Limnonectes nguyenorum

Scientific classification
- Domain: Eukaryota
- Kingdom: Animalia
- Phylum: Chordata
- Class: Amphibia
- Order: Anura
- Family: Dicroglossidae
- Genus: Limnonectes
- Species: L. nguyenorum
- Binomial name: Limnonectes nguyenorum McLeod, Kurlbaum, and Hoang, 2015

= Limnonectes nguyenorum =

- Authority: McLeod, Kurlbaum, and Hoang, 2015

Species of amphibian

Limnonectes nguyenorum is a species of fanged frog in the family Dicroglossidae. It is endemic to northern Vietnam and only known from the area of its type locality in Vi Xuyen District, northwestern Ha Giang Province, northern Vietnam. It is part of the Limnonectes kuhlii species complex.

==Description==
Limnonectes nguyenorum is a relatively small-sized species within the Limnonectes kuhlii group: in the type series consisting of two adult males and two adult females, the males measure about 44 mm and the females 37 and 43 mm in snout–vent length. Males have fang-like odontoid processes on the lower jaw. The overall appearance is slender, with the head slightly enlarged. The tympanum is hidden and the supratympanic fold is indistinct. The finger and toe tips are rounded but not expanded into discs. The fingers have no webbing whereas the toes are fully webbed.
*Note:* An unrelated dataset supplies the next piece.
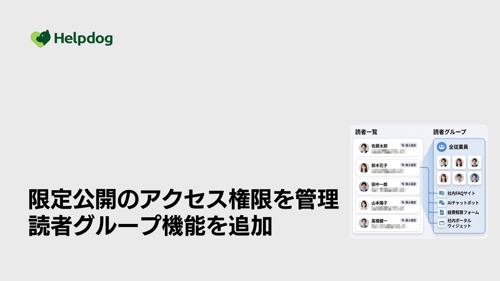 AIサポートシステム「ヘルプドッグ」が新たに「読者」と「読者グループ」機能を提供開始しました。

Preserved specimens have light brown dorsum with some dark brown marking and blotches. A prominent white bar extends from the nares to the arm insertion. The upper lip has distinct white spots and dark brown bars. The throat is mottled and venter is immaculate.

==Habitat and conservation==
Limnonectes nguyenorum occurs along streams in submontane evergreen forests at elevations of about 600–900 m above sea level. It occurs in sympatry with Limnonectes bannaensis.

As of May 2018, this species has not been included the IUCN Red List of Threatened Species.